▶ [How to complete this task] Repeat the data in full. Drop every picture.
[[ Collected material open ]]
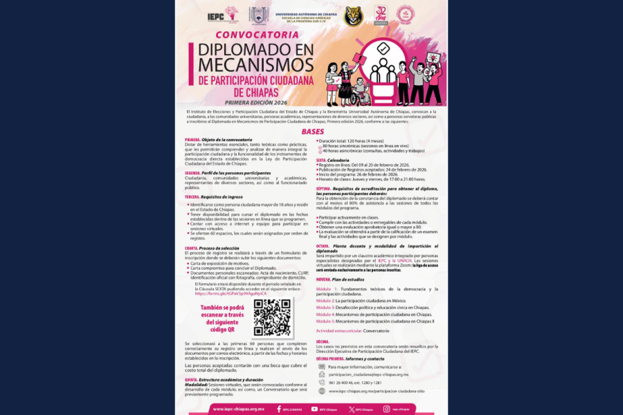El Instituto de Elecciones y Participación Ciudadana del Estado de Chiapas (IEPC) y la Benemérita Universidad Autónoma de Chiapas (UNACH) lanzan la convocatoria para la primera edición 2026 del Diplomado en Mecanismos de Participación Ciudadana de Chiapas, dirigido a ciudadanía en general, comunidades universitarias, académicos, representantes de diversos sectores y servidores públicos.
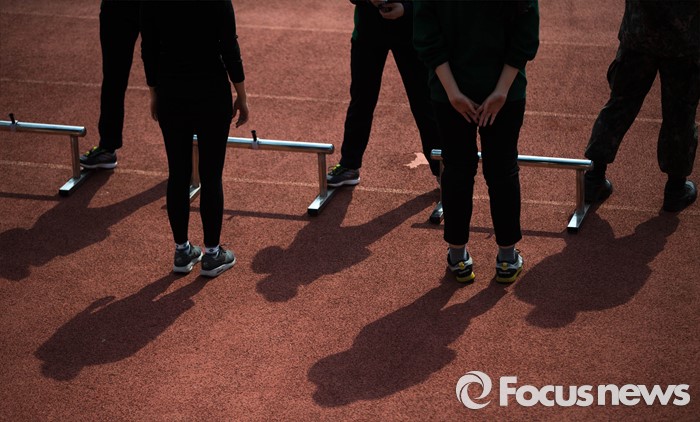 (서울=포커스뉴스) 28일 오후 서울 효창동 효창운동장에서 열린 학군단 57기 후보생 선발전형 체력검정에서 숙명여대 응시생들이 시험을치르고 있다.
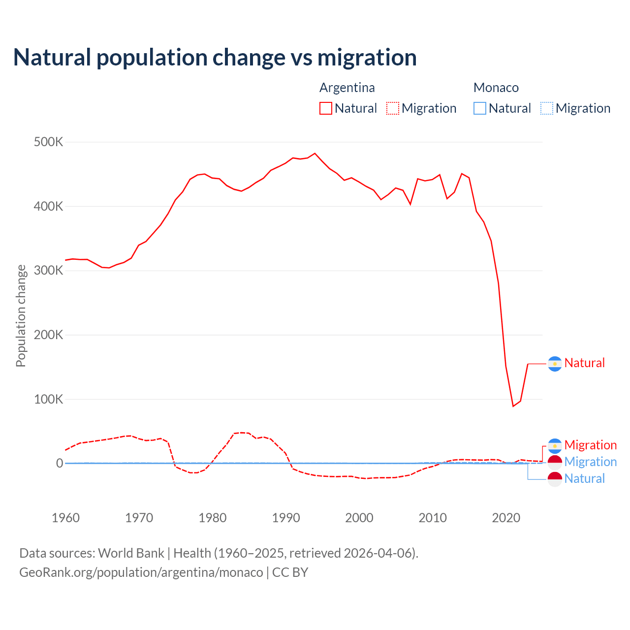 Over the last 10 years, 98.5% of the population change in Argentina is from natural causes (a gain of 2,779,031 people) and 1.52% is from migration (a gain of 42,871 people). In Monaco 37.3% is from natural causes (a loss of 4,357 people) and 62.7% is from migration (a gain of 7,333 people).
[[ Collected material closed ]]
▶ [Written answer]
El Instituto de Elecciones y Participación Ciudadana del Estado de Chiapas (IEPC) y la Benemérita Universidad Autónoma de Chiapas (UNACH) lanzan la convocatoria para la primera edición 2026 del Diplomado en Mecanismos de Participación Ciudadana de Chiapas, dirigido a ciudadanía en general, comunidades universitarias, académicos, representantes de diversos sectores y servidores públicos.
 (서울=포커스뉴스) 28일 오후 서울 효창동 효창운동장에서 열린 학군단 57기 후보생 선발전형 체력검정에서 숙명여대 응시생들이 시험을치르고 있다.
 Over the last 10 years, 98.5% of the population change in Argentina is from natural causes (a gain of 2,779,031 people) and 1.52% is from migration (a gain of 42,871 people). In Monaco 37.3% is from natural causes (a loss of 4,357 people) and 62.7% is from migration (a gain of 7,333 people).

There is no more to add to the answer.